We will solve LeetCode problem “**85. Maximal Rectangle”** here. The problem states that:

Given a

rows x colsbinary matrix filled with0‘s and1‘s, find the largest rectangle containing only1‘s and return its area.

Input: [ 1 1 1 0 0 1 1 0 1 1 1 0 ] Output: 6

Does the above input look like a histogram? It kind of does. It reminds me of a problem that we solved earlier “**largest rectangle in a histogram**“. Our input is not exactly a histogram, though the structure looks like one. Let us convert it to a histogram. The idea is simple. We will start at the top row & go till bottom row one by one. At any given row, we will check each element from left to right. **If an element is “0”, the base for that column is 0. So corresponding histogram value is 0. If an element is “1”, we will add the value from the above cell to it.** Why would we do that? From the current row element we will know the base. If base is 1, we need to add the value from one level up to construct histogram for that column.

Our first row: 1 1 1 0 Histogram at first row: 1 1 1 0 Second row: 0 1 1 0 Histogram at second row: 0 2 2 0 Third row: 1 1 1 0 Histogram at third row: 1 3 3 0

So after converting each row to a histogram, we have the following array:

1 1 1 0

0 2 2 0

1 3 3 0

**We can apply the maximum rectangle in a histogram problem here.** At each row, we will find the histogram at that level.
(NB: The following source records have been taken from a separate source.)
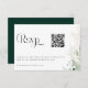 Wild Forest Foliage Wedding, QR code rsvp card. Elegant watercolor greenery and gold with coordinating emerald green colour backing.
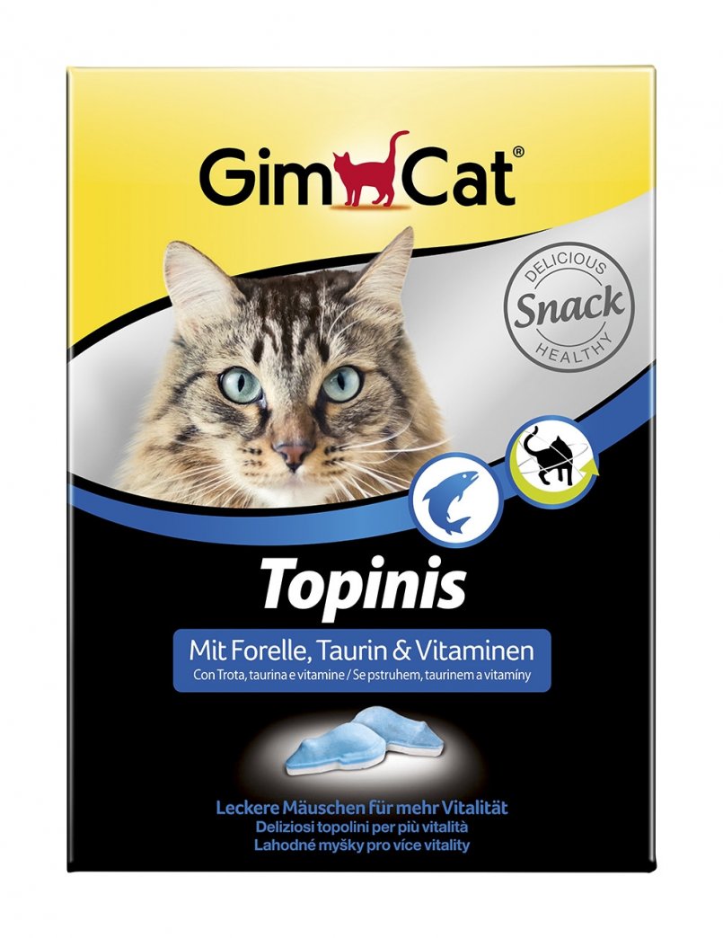 Любимое кошачье лакомство «Gimpet Topinis» содержит витамины A, B1, B2, B6 и B12, D3, C и K. Поедая симпатичных разноцветных мышек, кошка получает все, что необходимо для укрепления ее иммунитета.
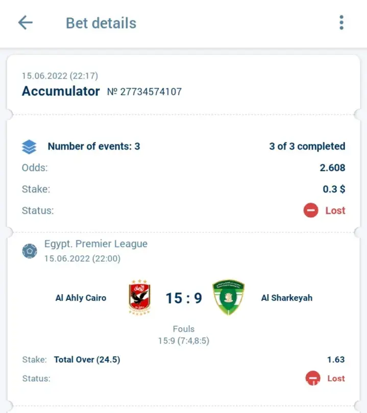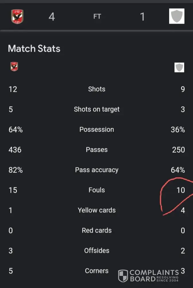 I complained mistake for the result of fouls match between al ahly sc vs alsharkeyah I have seen all scores such livescore goole foul numbers was right so my need to review the fouls of this match

Then we will find the maximum rectangle area for that histogram & track the max value across all levels.

Here is the complete Java code for the above LeetCode problem.

```
class Solution {
public int maximalRectangle(char[][] matrix) {
List<Integer> result = new ArrayList<Integer>();
for(int i=0; i<matrix[0].length; i++){
result.add(0);
}
int maxArea = 0;
for(int i=0; i<matrix.length; i++){
char[] currentRow = matrix[i];
for(int j=0; j<currentRow.length; j++){
if(currentRow[j] == '1'){
result.set(j, result.get(j) + 1);
} else {
result.set(j, 0);
}
}
maxArea = findMaxArea(result, maxArea);
}
return maxArea;
}
// find maxArea of currently computed row using histogram
public int findMaxArea(List<Integer> result, int maxArea) {
Stack<Integer> stack = new Stack<Integer>();
int i = 0;
for(; i<result.size();){
if(stack.isEmpty() || result.get(stack.peek()) <= result.get(i)){
stack.push(i);
i++;
} else {
int index = stack.pop();
int leftBound = !stack.empty() ? stack.peek() : -1;
int rightBound = i;
int currentArea = (rightBound - leftBound - 1) * result.get(index);
if(currentArea > maxArea){
maxArea = currentArea;
}
}
}
while(!stack.isEmpty()){
int index = stack.pop();
int leftBound = !stack.empty() ? stack.peek() : -1;
int rightBound = i;
int currentArea = (rightBound - leftBound - 1) * result.get(index);
if(currentArea > maxArea){
maxArea = currentArea;
}
}
return maxArea;
}
}
```

**Time complexity:** If we have **m** rows, we will calculate largest rectangle in histogram **m** times. Suppose each row has **n** columns. **Solution to find maximum rectangle in a histogram is linear. Also histogram construction at each row level is linear.** So it takes **O(n)** time complexity to find largest rectangle in histogram at each level. Overall time complexity for calculating largest rectangle in all histograms would be **O(m * n)**. So total time complexity of our solution is **O(m * n)**.

**Space complexity:** We are using **n** extra space to hold the histogram array at each level. Also we might need extra **n** space for the stack used at each level to find maximum rectangle in a histogram. So space complexity of the solution is **O(n)**.